TASK GOAL =
All the lines below need retyping exactly, apart from the images.

┌─ RECORDS TO USE

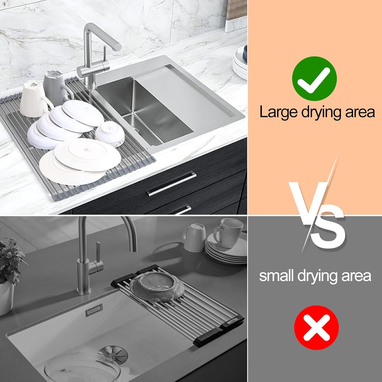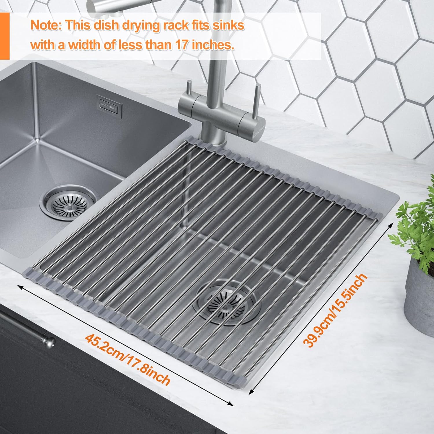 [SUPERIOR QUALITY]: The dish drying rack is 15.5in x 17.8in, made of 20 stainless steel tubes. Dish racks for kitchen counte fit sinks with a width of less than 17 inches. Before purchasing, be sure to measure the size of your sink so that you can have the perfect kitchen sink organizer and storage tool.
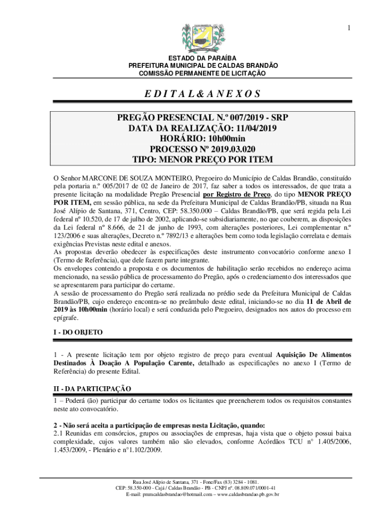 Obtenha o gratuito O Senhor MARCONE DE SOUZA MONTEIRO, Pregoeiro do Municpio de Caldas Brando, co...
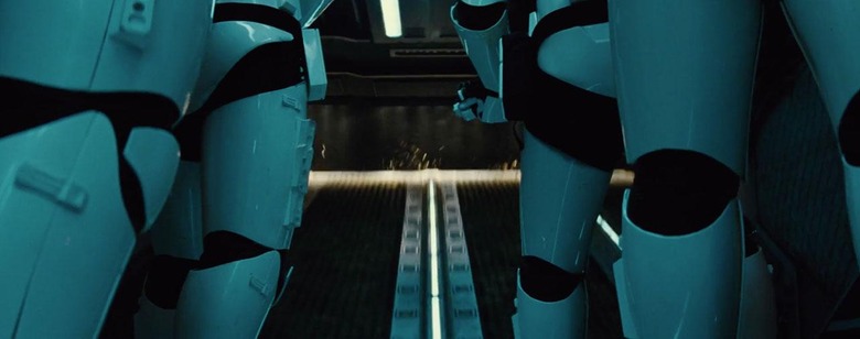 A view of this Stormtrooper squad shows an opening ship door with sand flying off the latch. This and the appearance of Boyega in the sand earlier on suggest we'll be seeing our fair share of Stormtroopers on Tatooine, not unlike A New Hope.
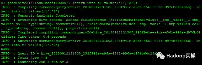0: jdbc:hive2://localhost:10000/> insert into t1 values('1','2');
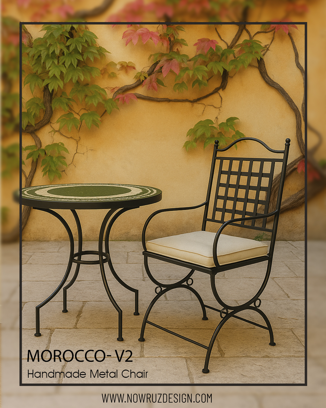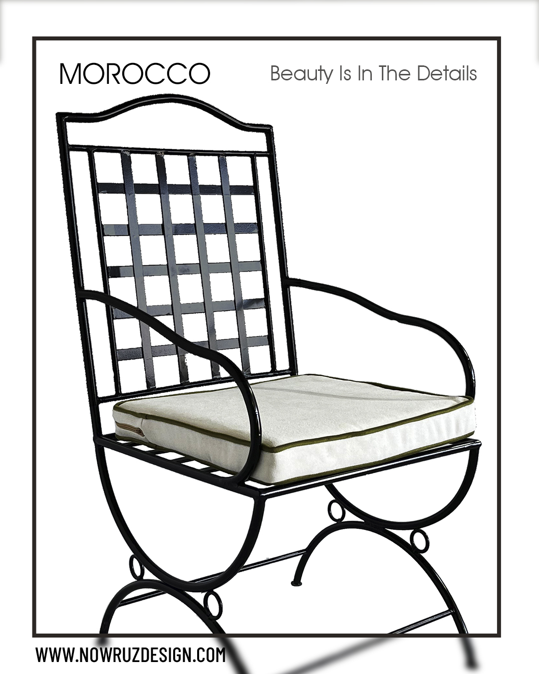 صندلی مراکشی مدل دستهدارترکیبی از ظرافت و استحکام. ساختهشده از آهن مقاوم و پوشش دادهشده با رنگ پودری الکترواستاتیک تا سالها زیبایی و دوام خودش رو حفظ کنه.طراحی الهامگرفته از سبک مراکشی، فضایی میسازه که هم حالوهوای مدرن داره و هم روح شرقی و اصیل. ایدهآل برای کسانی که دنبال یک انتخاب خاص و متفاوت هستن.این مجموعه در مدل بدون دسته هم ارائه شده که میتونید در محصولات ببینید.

└─

YOUR RESPONSE =
 [SUPERIOR QUALITY]: The dish drying rack is 15.5in x 17.8in, made of 20 stainless steel tubes. Dish racks for kitchen counte fit sinks with a width of less than 17 inches. Before purchasing, be sure to measure the size of your sink so that you can have the perfect kitchen sink organizer and storage tool.
 Obtenha o gratuito O Senhor MARCONE DE SOUZA MONTEIRO, Pregoeiro do Municpio de Caldas Brando, co...
 A view of this Stormtrooper squad shows an opening ship door with sand flying off the latch. This and the appearance of Boyega in the sand earlier on suggest we'll be seeing our fair share of Stormtroopers on Tatooine, not unlike A New Hope.
0: jdbc:hive2://localhost:10000/> insert into t1 values('1','2');
 صندلی مراکشی مدل دستهدارترکیبی از ظرافت و استحکام. ساختهشده از آهن مقاوم و پوشش دادهشده با رنگ پودری الکترواستاتیک تا سالها زیبایی و دوام خودش رو حفظ کنه.طراحی الهامگرفته از سبک مراکشی، فضایی میسازه که هم حالوهوای مدرن داره و هم روح شرقی و اصیل. ایدهآل برای کسانی که دنبال یک انتخاب خاص و متفاوت هستن.این مجموعه در مدل بدون دسته هم ارائه شده که میتونید در محصولات ببینید.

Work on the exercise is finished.